4.8
December 21, 2013

The Lone Ranger.

There is so much noise around me that I must shut myself in to hear the quiet speak.

It is within this small space, this tiny home I’ve built that I can find the respite to turn off my brain and turn up my heart. For the city and all of her sounds can sometimes feel like an orchestra and in other moments, feel like I am being trampled and pulled apart.

Such is the case for a sensitive heart. 

To find quiet, sometimes, this means renting a car and driving up north to where the snow lies, untouched by anyone else and where, if I listen carefully in the stillness of the forrest, I can hear the messages the wind carries.

Let us be clear: I am more alone than I am together with others and most days, I’m quite fine with that.

I am building a new family with each beat of my heart and though for the most part they have fur and four legs, my reach of family extends to parts of the world where this magical thing called the internet has reached and maybe my voice, by phone, a little bit further.

So I am alone; yet, I am not. I am an oddball and awkward and some of the time I feel like I am still, at this older age, adjusting to the way this body moves, the way this brain thinks, the way this heart beats—and yet, I am as gracious (and calloused) and human and beautiful as a ballerina.

I am wisdom and value and I know it all.

I am everything and nothing, too.

And so (“so” is my favorite word lately and I’m not sure when this happened, but so it has) I am a lone ranger. Like my father—maybe, sometimes; like my mother, definitely—and like the parents of my parents and the parents before them. I walk the line, I walk to this own beat, the one I hear when I close my eyes; the one echoed by my feet and sometimes (most times) it makes no sense at all and other times (most times) it makes all the sense in the world.

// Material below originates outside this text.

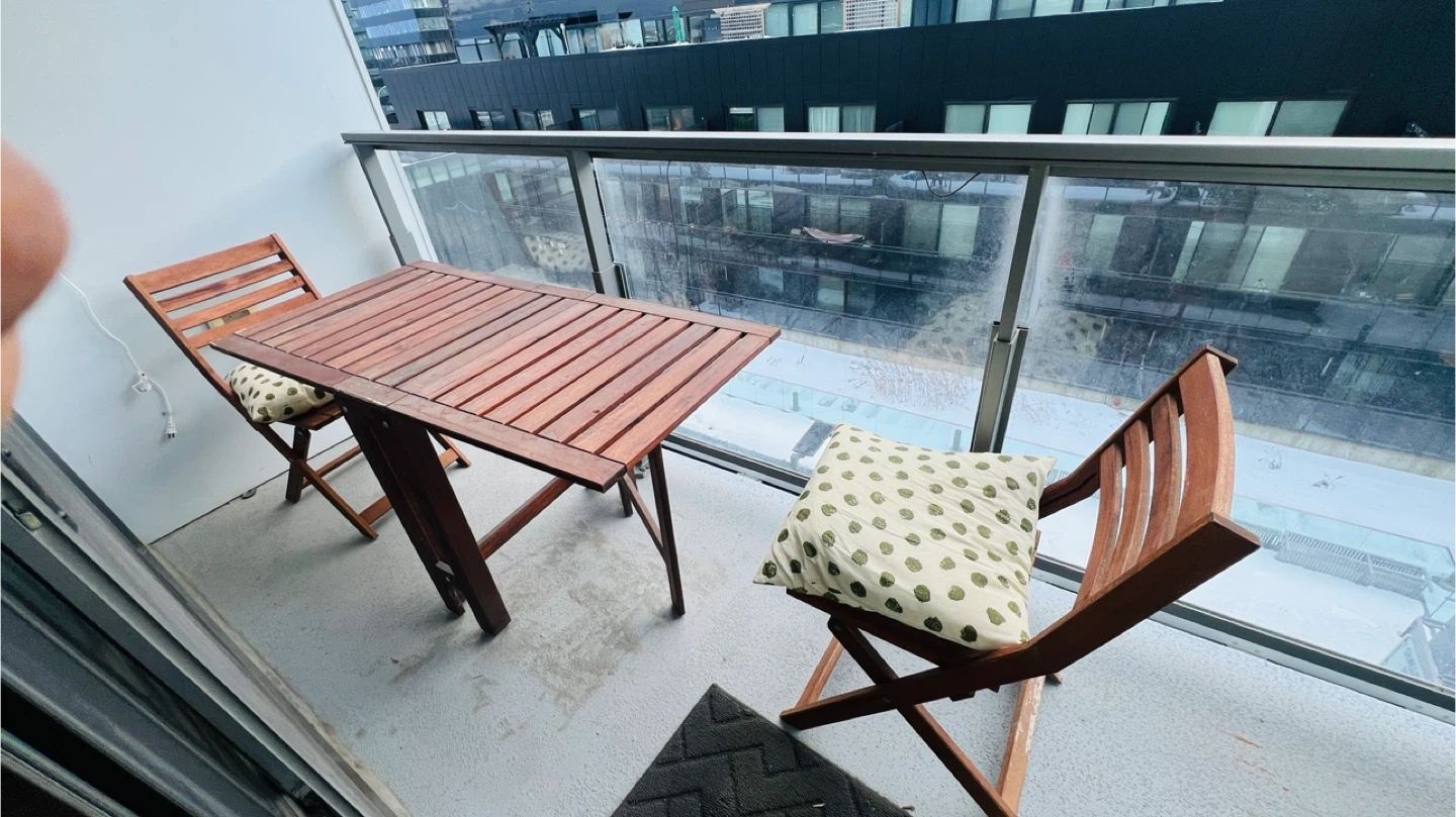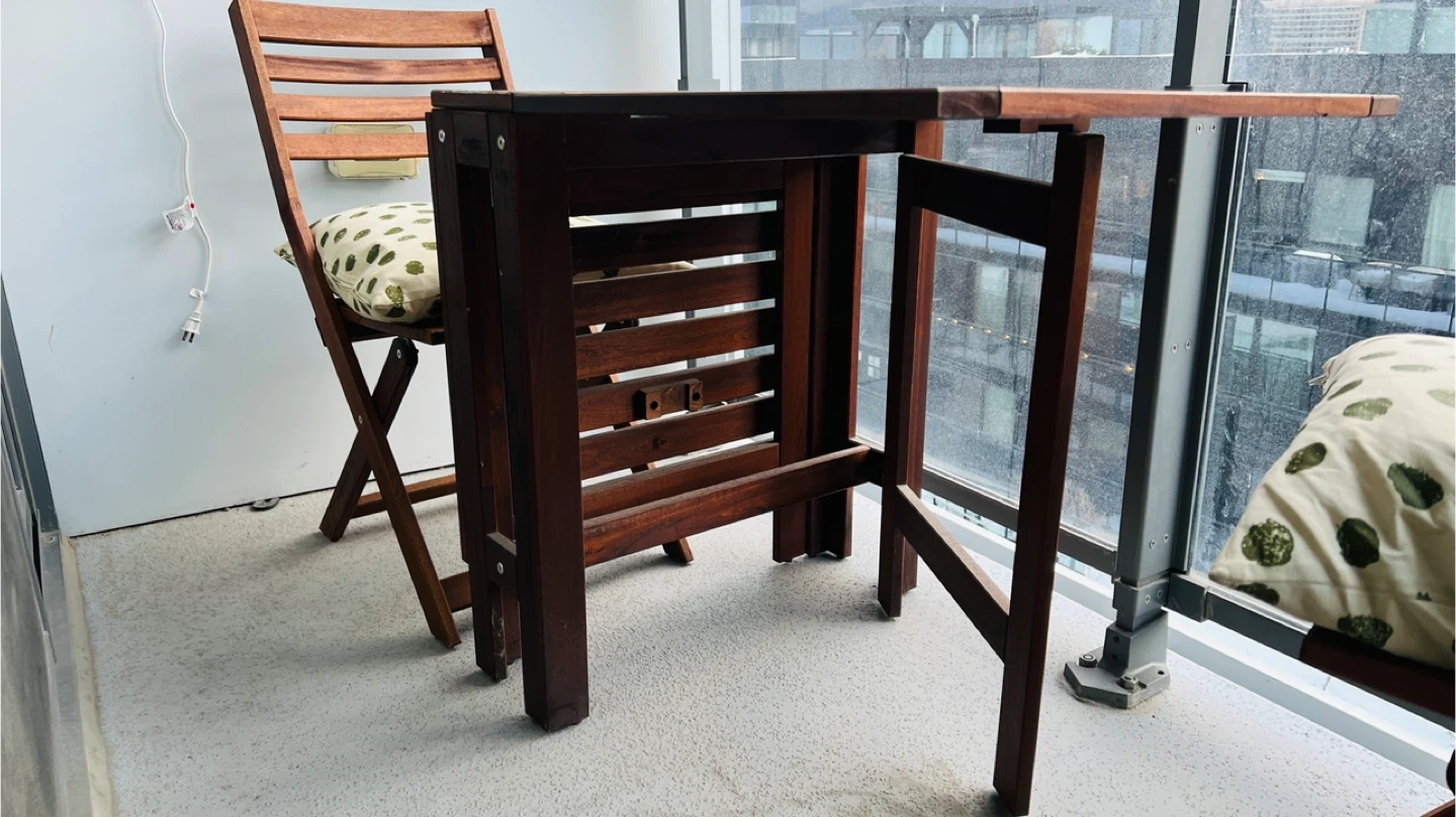 Selling a foldable wooden table and chair set, perfect for a balcony or small space. The set includes a table with a drop-leaf extension and two matching chairs with cushions. Great for enjoying a meal or relaxing outdoors!

We are here to walk to the beat of our own hearts and there is no other beat we can attune ourselves to.

And sometimes, this means we walk alone.

If I close my eyes in this moment and think what it means to walk alone this is what I see: the desert. A long stretch of sand, on fire with the sun, the heat is so hot that my face might melt away but here I am. There is only me and this body and this heart and my job is to follow my own path. I must stop every so often and tune into the part of me that knows which way to walk; that knows where the water is—where the tree waits, coolness wrapped under its leaves, ready to shade me and allow me some rest.

Does life feel like this for anyone else? Like you are alone in a desert and that it is you that must find the place you can rest to collect yourself to keep going? That it is you that will reach the edge of the world and will in that moment, make the decision to jump off the edge, into the unknown land of what happens next?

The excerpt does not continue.